> _Record excerpts_:
****

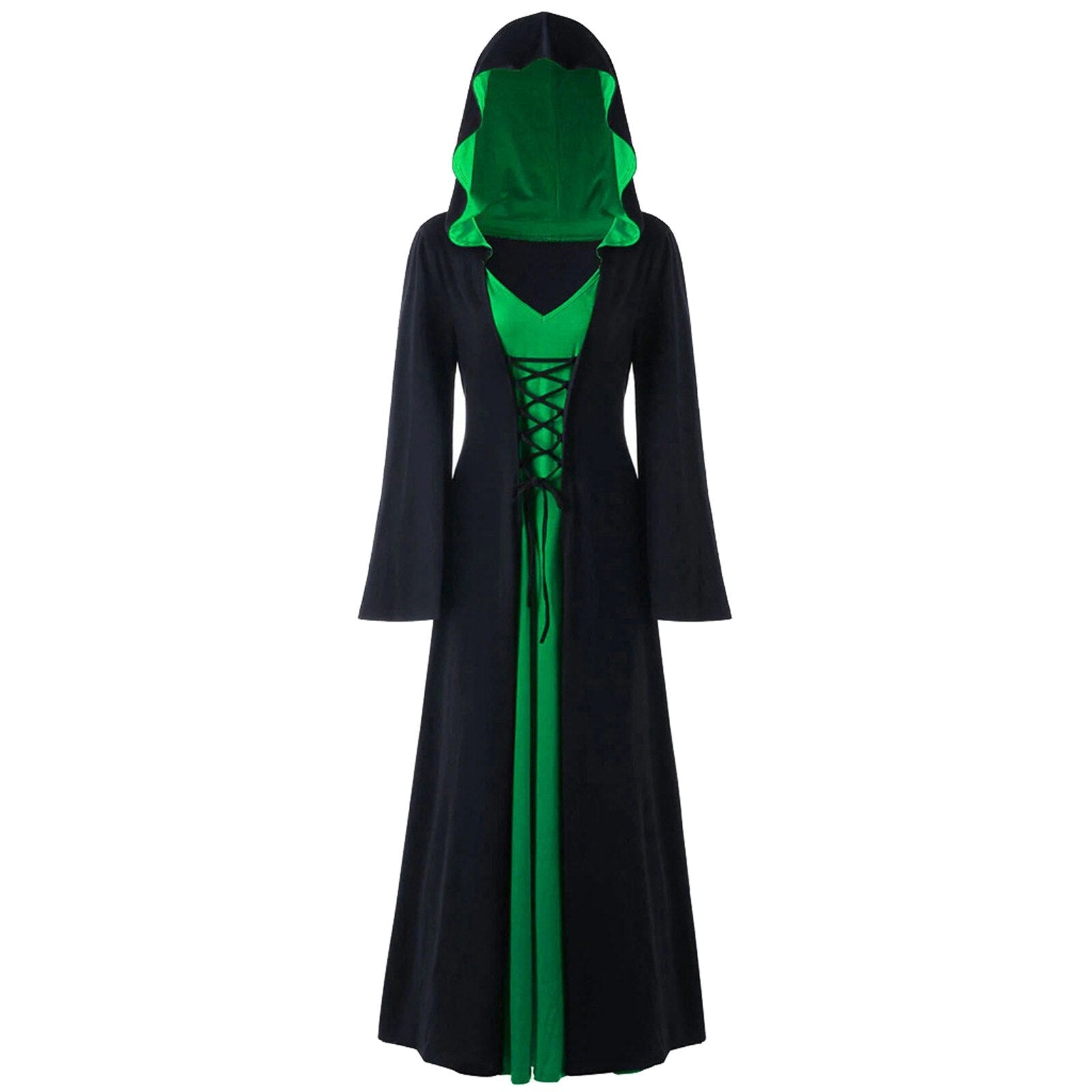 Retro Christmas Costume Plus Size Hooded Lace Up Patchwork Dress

****

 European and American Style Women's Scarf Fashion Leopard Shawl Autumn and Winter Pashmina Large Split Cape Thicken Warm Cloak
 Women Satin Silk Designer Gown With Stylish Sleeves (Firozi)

****

> _Assignment_:
Count, in the records above, the lines that contain "Women", and write only the resulting number.

> _Answer section_:
2